Provided entries -
____________

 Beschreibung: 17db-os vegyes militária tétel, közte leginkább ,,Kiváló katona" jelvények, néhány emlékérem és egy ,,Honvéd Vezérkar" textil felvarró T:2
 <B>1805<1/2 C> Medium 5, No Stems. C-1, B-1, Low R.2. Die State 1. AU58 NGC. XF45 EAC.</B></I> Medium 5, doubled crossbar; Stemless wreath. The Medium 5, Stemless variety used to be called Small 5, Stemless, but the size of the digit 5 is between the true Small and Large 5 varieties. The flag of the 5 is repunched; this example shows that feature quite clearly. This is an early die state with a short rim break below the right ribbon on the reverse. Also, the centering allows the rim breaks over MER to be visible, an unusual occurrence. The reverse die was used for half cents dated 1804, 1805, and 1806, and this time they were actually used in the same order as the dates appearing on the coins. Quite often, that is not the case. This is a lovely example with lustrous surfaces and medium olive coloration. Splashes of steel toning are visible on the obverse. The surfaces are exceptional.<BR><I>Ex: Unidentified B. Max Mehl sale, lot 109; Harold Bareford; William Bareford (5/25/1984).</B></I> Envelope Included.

____________

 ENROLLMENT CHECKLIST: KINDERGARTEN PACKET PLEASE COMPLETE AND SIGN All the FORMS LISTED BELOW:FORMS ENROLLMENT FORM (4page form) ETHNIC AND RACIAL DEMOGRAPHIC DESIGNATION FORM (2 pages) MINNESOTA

____________

Problem to solve - What do the lines above say from the one containing "Beschreibung: 17db-os vegyes" down to the one containing "<B>1805<1/2 C> Medium"? Return them exactly, both end lines included, and only them.

Response for this exercise -
 Beschreibung: 17db-os vegyes militária tétel, közte leginkább ,,Kiváló katona" jelvények, néhány emlékérem és egy ,,Honvéd Vezérkar" textil felvarró T:2
 <B>1805<1/2 C> Medium 5, No Stems. C-1, B-1, Low R.2. Die State 1. AU58 NGC. XF45 EAC.</B></I> Medium 5, doubled crossbar; Stemless wreath. The Medium 5, Stemless variety used to be called Small 5, Stemless, but the size of the digit 5 is between the true Small and Large 5 varieties. The flag of the 5 is repunched; this example shows that feature quite clearly. This is an early die state with a short rim break below the right ribbon on the reverse. Also, the centering allows the rim breaks over MER to be visible, an unusual occurrence. The reverse die was used for half cents dated 1804, 1805, and 1806, and this time they were actually used in the same order as the dates appearing on the coins. Quite often, that is not the case. This is a lovely example with lustrous surfaces and medium olive coloration. Splashes of steel toning are visible on the obverse. The surfaces are exceptional.<BR><I>Ex: Unidentified B. Max Mehl sale, lot 109; Harold Bareford; William Bareford (5/25/1984).</B></I> Envelope Included.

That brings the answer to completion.